» **WHAT IS REQUIRED**
Only the lines from the first line of the entries through the line with "Newly-planted trees on downtown sidewalks" belong in the answer, each restated word for word and without pictures.
EXTRACTED DATA below:
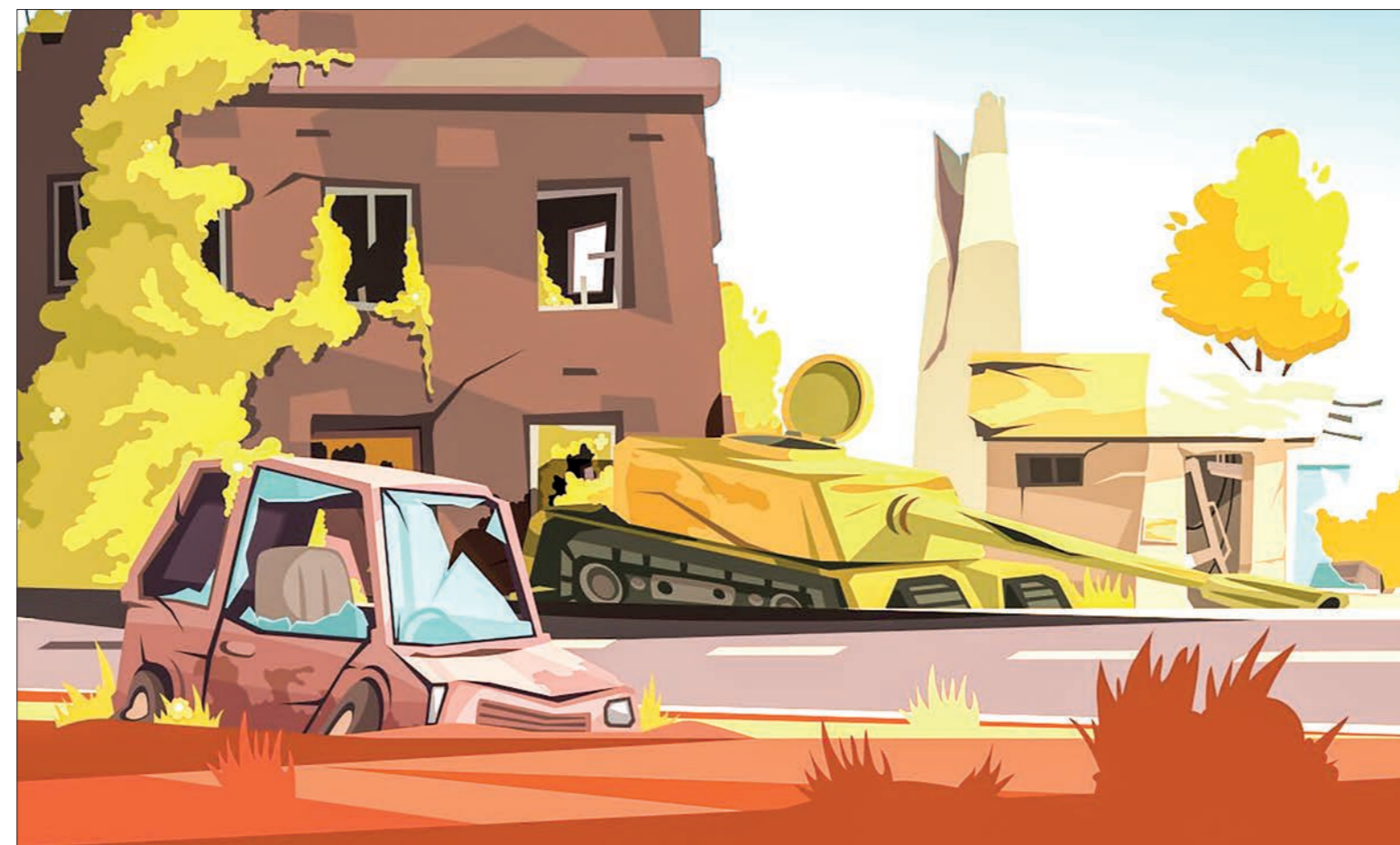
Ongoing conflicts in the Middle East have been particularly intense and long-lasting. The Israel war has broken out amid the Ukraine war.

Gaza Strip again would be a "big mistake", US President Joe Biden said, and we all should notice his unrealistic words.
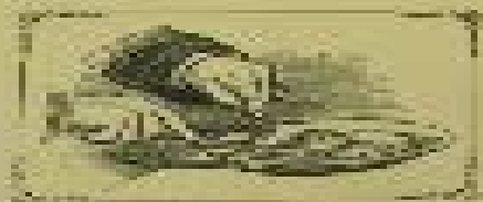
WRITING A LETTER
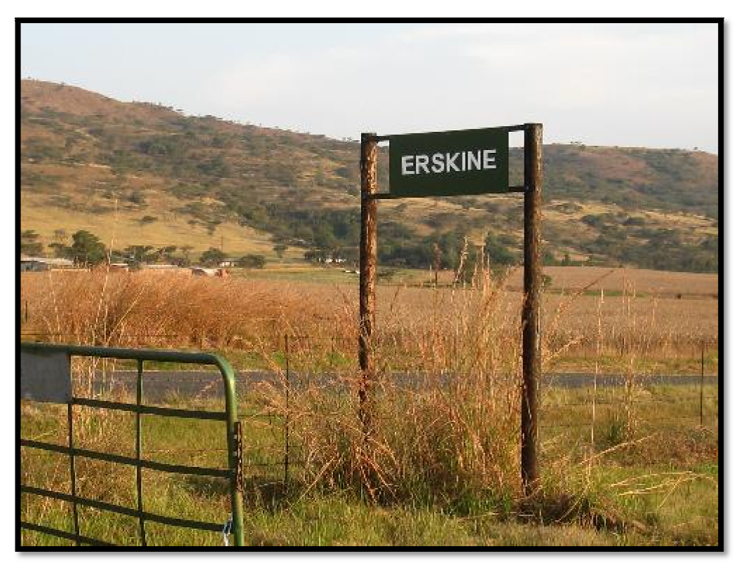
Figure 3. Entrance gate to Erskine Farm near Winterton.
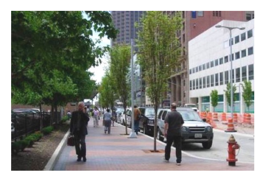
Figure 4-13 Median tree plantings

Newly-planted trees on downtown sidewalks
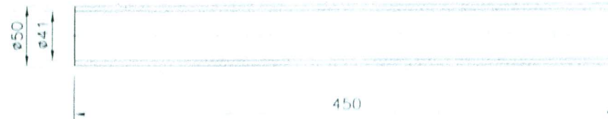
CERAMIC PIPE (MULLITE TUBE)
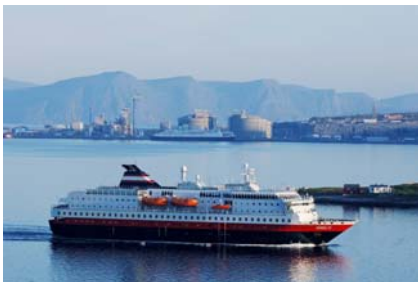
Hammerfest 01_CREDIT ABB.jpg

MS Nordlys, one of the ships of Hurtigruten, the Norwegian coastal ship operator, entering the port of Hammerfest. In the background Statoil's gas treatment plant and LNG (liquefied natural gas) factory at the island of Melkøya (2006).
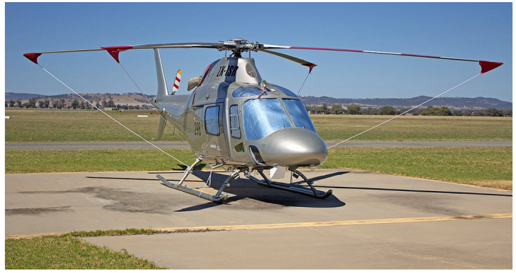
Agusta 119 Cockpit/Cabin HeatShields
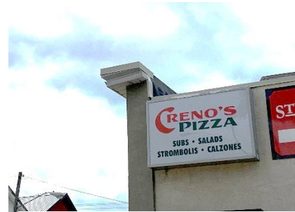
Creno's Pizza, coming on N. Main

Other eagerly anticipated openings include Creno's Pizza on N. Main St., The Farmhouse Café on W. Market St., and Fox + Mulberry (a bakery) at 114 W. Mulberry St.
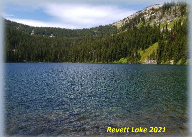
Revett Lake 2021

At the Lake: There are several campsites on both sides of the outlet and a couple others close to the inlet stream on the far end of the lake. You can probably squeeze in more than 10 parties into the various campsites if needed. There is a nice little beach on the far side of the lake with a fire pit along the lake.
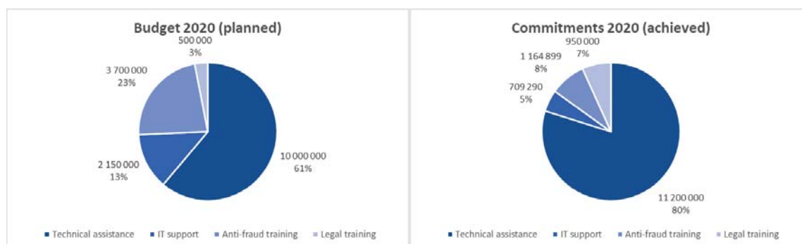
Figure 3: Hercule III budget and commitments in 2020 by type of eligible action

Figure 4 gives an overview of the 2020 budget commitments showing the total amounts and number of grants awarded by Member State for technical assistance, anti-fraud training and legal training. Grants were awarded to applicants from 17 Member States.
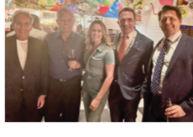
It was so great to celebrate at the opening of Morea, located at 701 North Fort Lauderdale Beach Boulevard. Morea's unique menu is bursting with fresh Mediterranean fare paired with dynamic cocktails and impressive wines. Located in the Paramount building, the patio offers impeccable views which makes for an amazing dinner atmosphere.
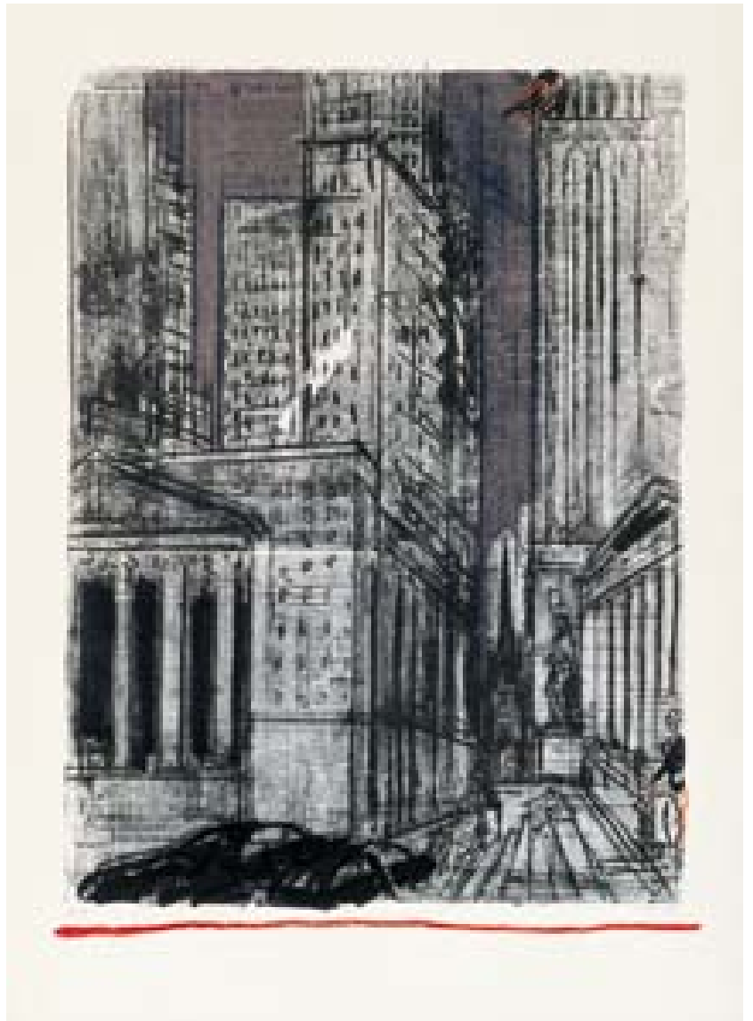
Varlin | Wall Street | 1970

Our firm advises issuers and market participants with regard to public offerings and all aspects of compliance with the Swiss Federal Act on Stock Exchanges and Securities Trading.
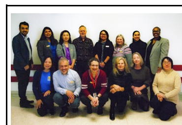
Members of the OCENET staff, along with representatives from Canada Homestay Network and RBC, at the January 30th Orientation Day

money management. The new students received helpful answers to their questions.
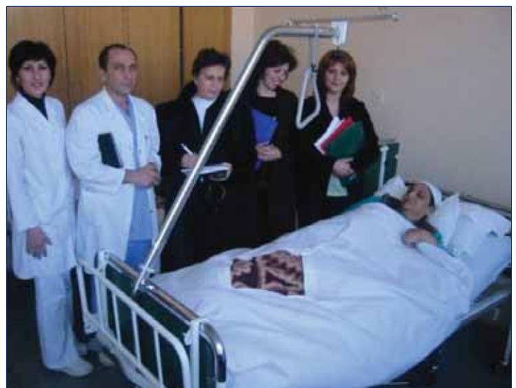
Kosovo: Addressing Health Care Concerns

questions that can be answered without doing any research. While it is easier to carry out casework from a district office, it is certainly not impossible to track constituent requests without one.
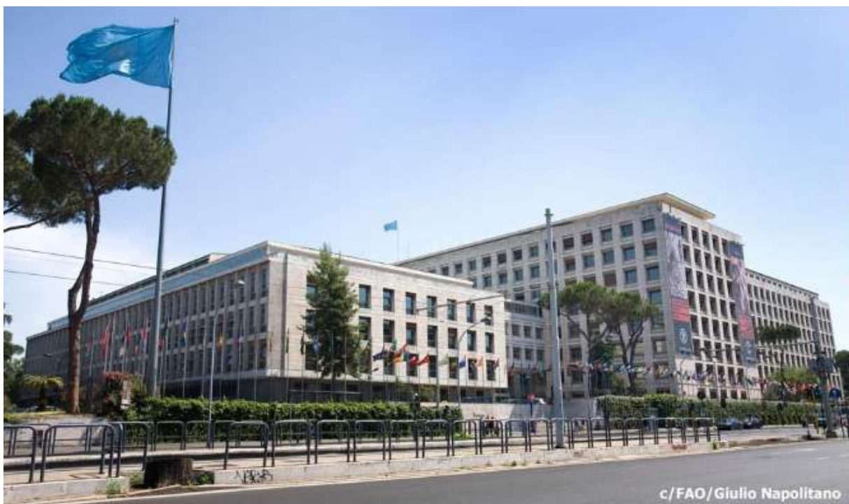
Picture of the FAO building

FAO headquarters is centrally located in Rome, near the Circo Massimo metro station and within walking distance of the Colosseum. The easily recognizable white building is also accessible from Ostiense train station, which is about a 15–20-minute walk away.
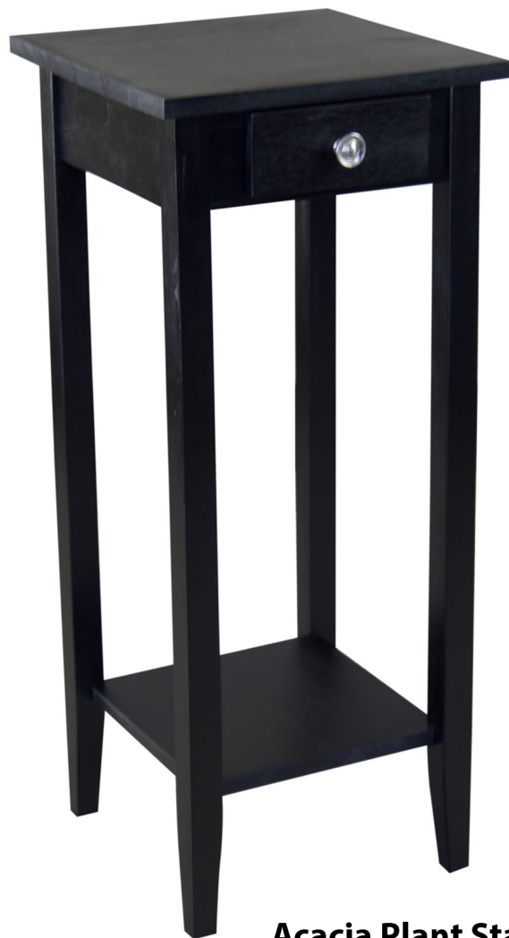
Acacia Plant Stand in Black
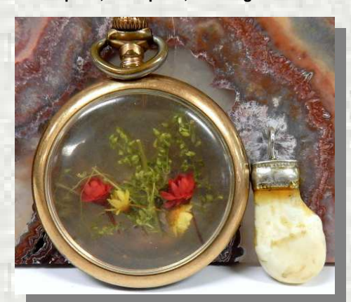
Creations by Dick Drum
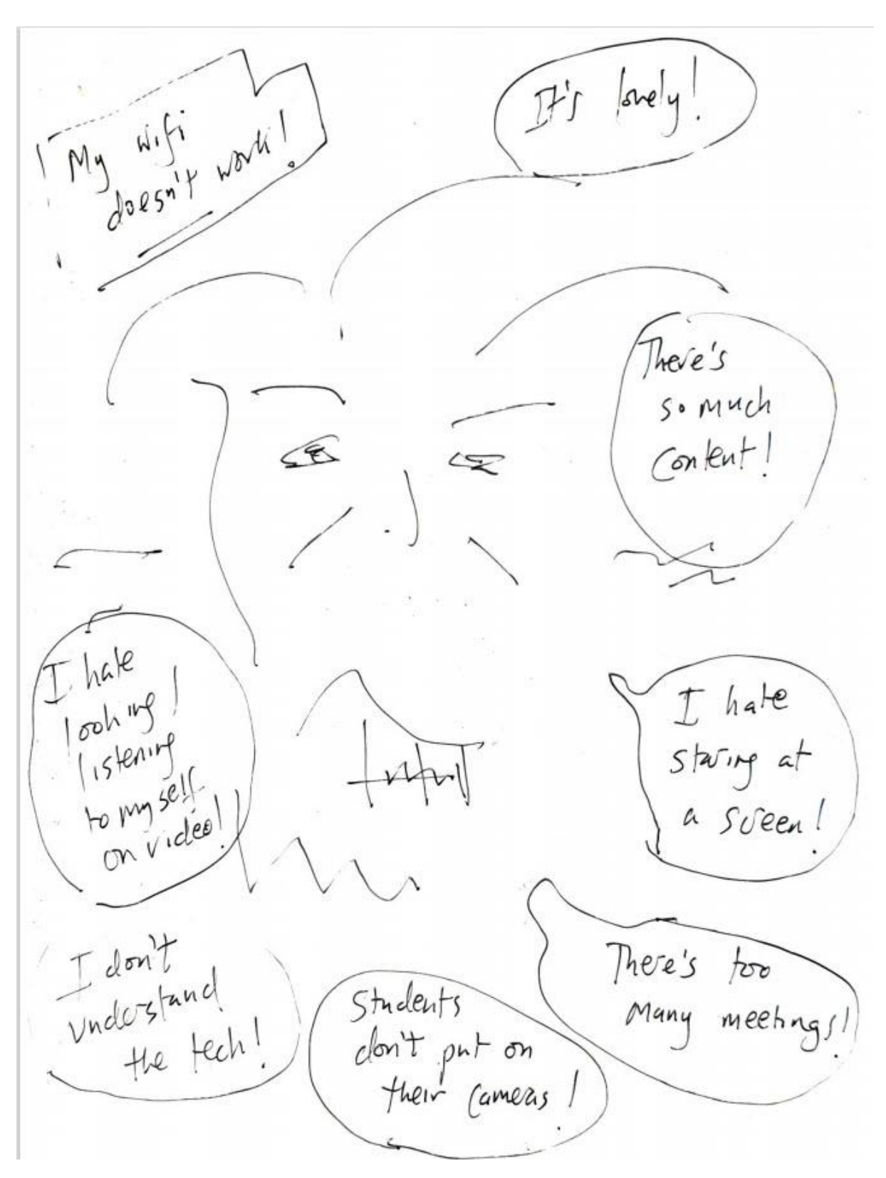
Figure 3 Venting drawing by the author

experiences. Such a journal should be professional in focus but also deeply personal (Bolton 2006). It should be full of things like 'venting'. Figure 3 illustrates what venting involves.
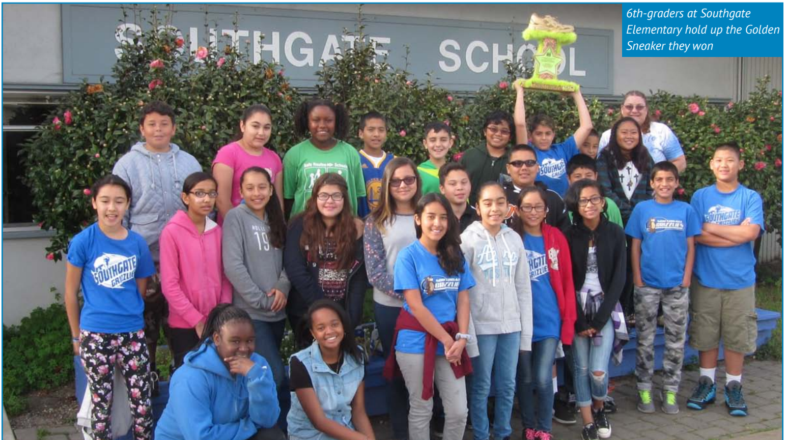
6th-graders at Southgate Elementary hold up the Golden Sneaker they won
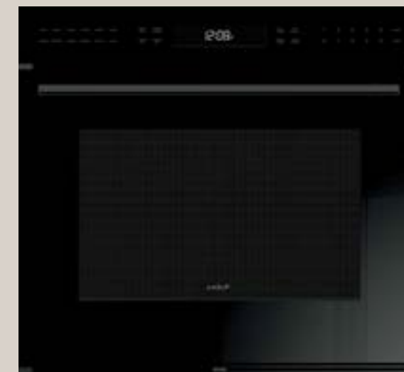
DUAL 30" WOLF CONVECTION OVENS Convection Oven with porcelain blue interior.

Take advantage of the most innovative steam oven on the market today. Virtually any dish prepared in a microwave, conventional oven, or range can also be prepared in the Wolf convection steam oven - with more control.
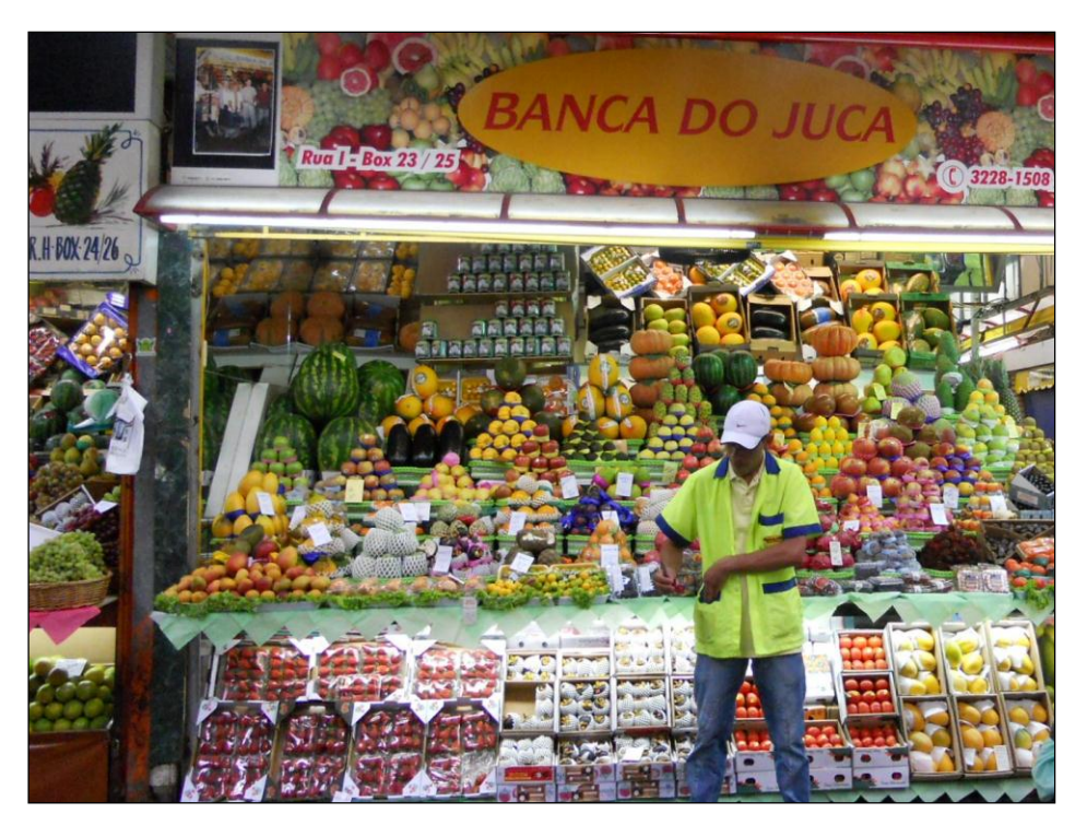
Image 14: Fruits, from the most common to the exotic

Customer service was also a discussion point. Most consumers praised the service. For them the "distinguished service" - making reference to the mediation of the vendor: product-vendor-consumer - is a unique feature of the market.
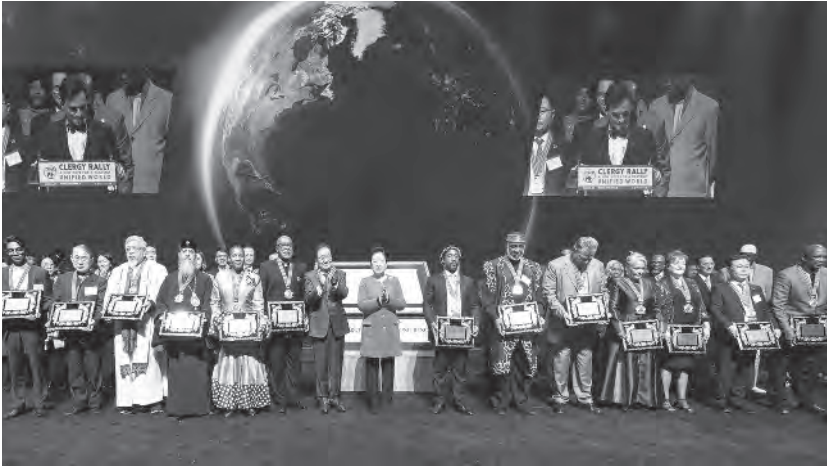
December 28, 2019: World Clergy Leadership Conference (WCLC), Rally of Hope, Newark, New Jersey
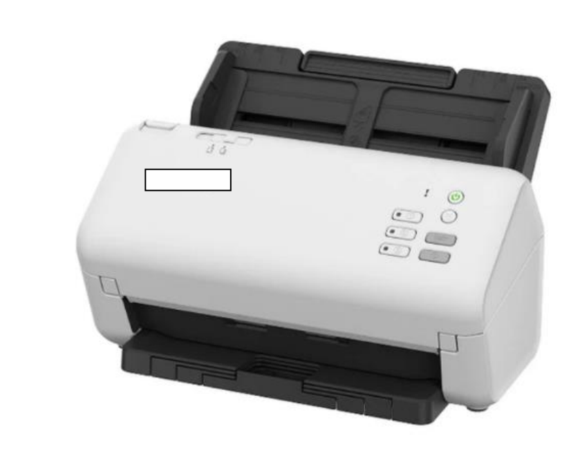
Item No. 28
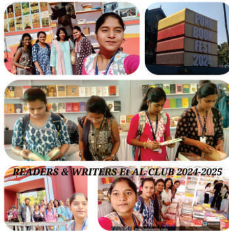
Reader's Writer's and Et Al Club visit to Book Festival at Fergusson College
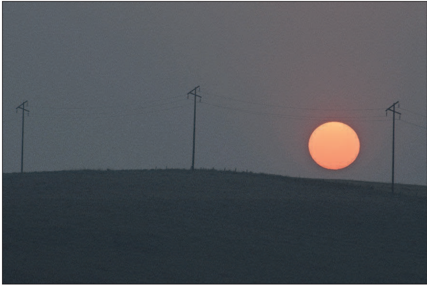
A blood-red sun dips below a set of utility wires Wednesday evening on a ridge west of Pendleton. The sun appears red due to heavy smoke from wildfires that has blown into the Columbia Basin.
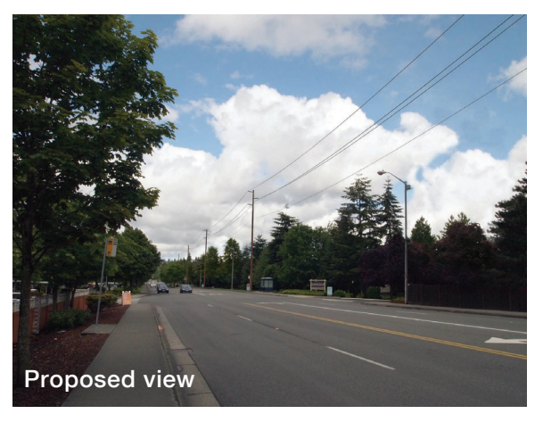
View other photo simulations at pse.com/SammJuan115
End of EXTRACTED DATA.
» **OUTPUT FOR THIS EXERCISE**
Ongoing conflicts in the Middle East have been particularly intense and long-lasting. The Israel war has broken out amid the Ukraine war.

Gaza Strip again would be a "big mistake", US President Joe Biden said, and we all should notice his unrealistic words.
WRITING A LETTER
Figure 3. Entrance gate to Erskine Farm near Winterton.
Figure 4-13 Median tree plantings

Newly-planted trees on downtown sidewalks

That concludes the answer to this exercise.